Figure 82-4 Nutrition of the fetus. Most of the early nutrition is due to trophoblastic digestion and absorption of nutrients from the endometrial decidua, and essentially all the later nutrition results from diffusion through the placental membrane.

Function of the Placenta

Developmental and Physiologic Anatomy of the Placenta
While the trophoblastic cords from the blastocyst are attaching to the uterus, blood capillaries grow into the cords from the vascular system of the newly forming embryo. By the 16th day after fertilization, blood also begins to be pumped by the heart of the embryo itself. Simultaneously, blood sinuses supplied with blood from the mother develop around the outsides of the trophoblastic cords. The trophoblast cells send out more and more projections, which become placental villi into which fetal capillaries grow. Thus, the villi, carrying fetal blood, are surrounded by sinuses that contain maternal blood.


The final structure of the placenta is shown in Figure 82-5. Note that the fetus's blood flows through two umbilical arteries, then into the capillaries of the villi, and finally back through a single umbilical vein into the fetus. At the same time, the mother's blood flows from her uterine arteries into large maternal sinuses that surround the villi and then back into the uterine veins of the mother. The lower part of Figure 82-5 shows the relation between the fetal blood of each fetal placental villus and the blood of the mother surrounding the outsides of the villus in the fully developed placenta.

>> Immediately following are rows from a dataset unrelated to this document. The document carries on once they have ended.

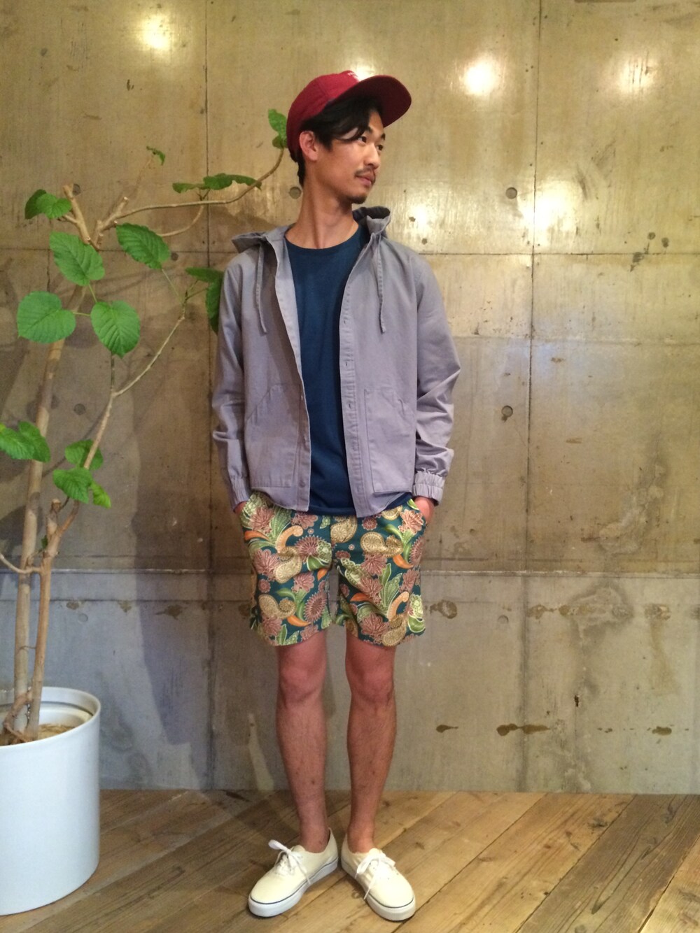 今季のオリジナルパターンであるペイズリーショーツをアクセントに、落ち着いたカラーでまとめたシンプルなコーディネート。 全体的に濃いめのカラーなので、重くならないようシューズは白を合わせ爽やかさもプラス。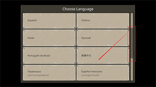 1、初次进入游戏我们需要手动选择语言,下滑找到“繁体中文”字样点击即可切换。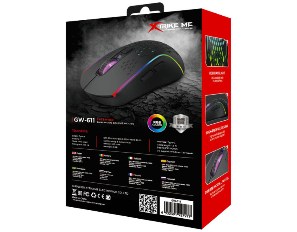 | Ігрова мишка Xtrike ME GW-611 Wireless RGB Black (GW-611) – це ваш надійний партнер у світі цифрових баталій. Створена для ентузіастів, які прагнуть поєднати комфорт і швидкість, ця мишка втілює в собі все, що необхідно для якісної гри. Завдяки ергономічному дизайну, вона легко підлаштовується під форму вашої долоні, забезпечуючи максимально комфортне позиціонування. В основі XTRIKE ME GW-611 лежить високоякісний оптичний датчик з максимальною роздільною здатністю 8000 dpi, що гарантує високу точність відстеження рухів і миттєву реакцію. Це дозволяє гравцям підлаштовувати чутливість мишки під свій індивідуальний стиль гри, будь то швидкісні шутери, складні стратегії чи ретельне полювання в World of Tanks. Підключення мишки відбувається бездротово через USB адаптер 2.4 ГГц, що забезпечує стабільний зв'язок без затримок і зайвих проводів. Акумуляторний механізм живлення дозволяє заряду триматися довго, звільняючи вас від постійної зміни батарей та надаючи свободу руху. Оригінальний перфорований корпус не лише додає стильності, але й знижує вагу миші, що надзвичайно важливо під час швидкоплинних ігор. Стильна RGB підсвітка збагачує зовнішність пристрою, переходячи з одного кольору в інший, створюючи дійсно яскраву атмосферу в процесі гри. Сім інтуїтивно розташованих кнопок дозволять швидко налаштувати мишку під ваші особисті потреби. Завдяки цьому, ви з легкістю зможете виконувати складні команди, що робить цю мишку ідеальним вибором для тих, хто цінує ефективність і функціональність. <б>Розміриб> 124 х 63 х 40 мм оптимальні для будь-якої руки, а стильний чорний колір доповнить будь-який інтер'єр. Xtrike ME GW-611 – це не просто мишка, це витвір інженерного мистецтва, який забезпечує якість і функціональність на найвищому рівні. Дайте волю вашій ігровій уяві з цим чудовим пристроєм, здатним перенести ваші ігрові досвіди на новий рівень! |

The total surface area of all the villi of the mature placenta is only a few square meters-many times less than the area of the pulmonary membrane in the lungs. Nevertheless, nutrients and other substances pass through this placental membrane mainly by diffusion in much the same manner that diffusion occurs through the alveolar membranes of the lungs and the capillary membranes elsewhere in the body.



Figure 82-5 Above, Organization of the mature placenta. Below, Relation of the fetal blood in the villus capillaries to the mother's blood in the intervillous spaces.